Official: Contractors will bear brunt of personnel cuts at command
Army Gen. Raymond Odierno said 2,000 of the nearly 3,000 positions slated for elimination at the Joint Forces Command will be contractor jobs.
Contractors will bear the brunt of personnel cuts when the Defense Department dismantles the U.S. Joint Forces Command this year, Army Gen. Raymond Odierno said during a press conference on Wednesday.
Odierno said 2,000 of the nearly 3,000 positions slated for elimination will be contractor positions. Defense will reduce by about half the total personnel associated with the Joint Forces, he said, restating previously announced figures.
Ending Joint Forces, the command tasked with ensuring interservice cooperation and military training for future operations, would save Defense more than $400 million annually, Odierno added.
The announcement comes a month after President Obama officially authorized the dismantling of the command. Defense Secretary Robert Gates originally announced Defense's plan to close the command in August as part of a broader series of cuts that included a partial hiring freeze and contractor funding reductions.
Most personnel cuts will come from the Norfolk and Suffolk, Va., areas, where Joint Forces is headquartered, but Odierno said Nevada and Florida, where Joint Forces has operations, also will experience job losses. Career services will be provided to those who lose their jobs, he said.
No specific positions have been identified for elimination yet, Odierno said. He expected that process to take place during the next couple of months, and said Joint Forces would be dismantled by the end of August, with all personnel moves completed by March 2012.
A two-star general -- Odierno did not say whom -- will lead a new organization responsible for many of the Joint Forces core missions and will be the deputy director for operational plans and joint force development on the Joint Staff. This person will lead the organization from the Norfolk-Suffolk area.
The new organization will not be merely a trimmed down version of the Joint Forces, Odierno emphasized. "We are taking a major departure from past organizational design, procedure and mind-set to more effectively execute [Joint Forces] core functions and sustain the jointness we have worked so hard to achieve in the past," he said. In addition, the new organization will rely on modeling and simulation to better develop training programs, military concepts and doctrine.

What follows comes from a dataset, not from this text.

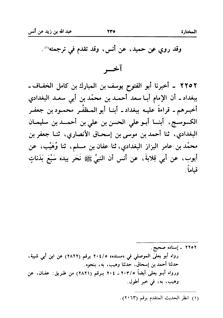 2252 - أَخْبَرَنَا أَبُو الْفُتُوحِ يُوسُفُ بْنُ الْمُبَارَكِ بْنِ كَامِلٍ الْخَفَّافُ بِبَغْدَادَ أَنَّ الإِمَامَ أَبَا سَعْدٍ أَحْمَدَ بْنَ مُحَمَّدِ بْنِ أَبِي سَعْدٍ الْبَغْدَادِيَّ أَخْبَرَهُمْ قِرَاءَةً عَلَيْهِ بِبَغْدَادَ أبنا أَبُو الْمُظَفَّرِ مَحْمُودُ بْنُ جَعْفَرٍ الْكَوْسَجُ أبنا أَبُو عَلِيٍّ الْحسن بن عَليّ بن أَحْمد بنس لميان الْبَغْدَادِيُّ ثَنَا أَحْمَدُ بْنُ مُوسَى بْنِ إِسْحَاقَ الأَنْصَارِيُّ ثَنَا جَعْفَرُ بْنُ مُحَمَّدِ بْنِ عَامِرٍ الْبَزَّازُّ الْبَغْدَادِيُّ ثَنَا عَفَّانُ بْنُ مُسْلِمٍ ثَنَا وُهَيْبٌ عَنْ أَيُّوبَ عَنْ أَبِي قِلابَةَ عَنْ أَنَسٍ أَنَّ النَّبِيَّ صَلَّى اللَّهُ عَلَيْهِ وَسَلَّمَ نَحَرَ بِيَدِهِ سَبْعَ بَدَنَاتٍ قِيَامًا
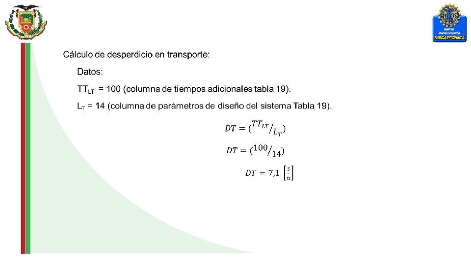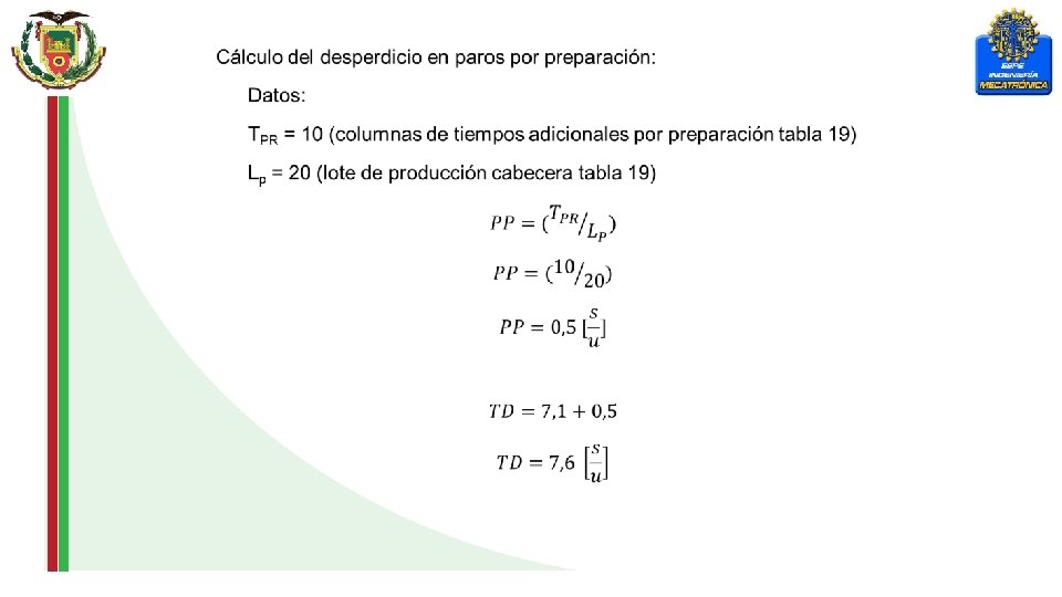 Desperdicio por rechazos (DR): El tiempo de desperdicio TD: Dónde: DT = Desperdicio en transporte. PP = Paros por preparación.

Odierno left open the possibility that the number of contractors working with the new organization could grow in the future, depending on demand. "If we're successful two years from now, you might find that other areas of [Defense] are sending money here for us to work their concepts and development." he said. "We can expand based on relevancy."
He will submit a detailed implementation plan to Gates within the next 30 days, but said he would continue to refine plans as the process unfolds.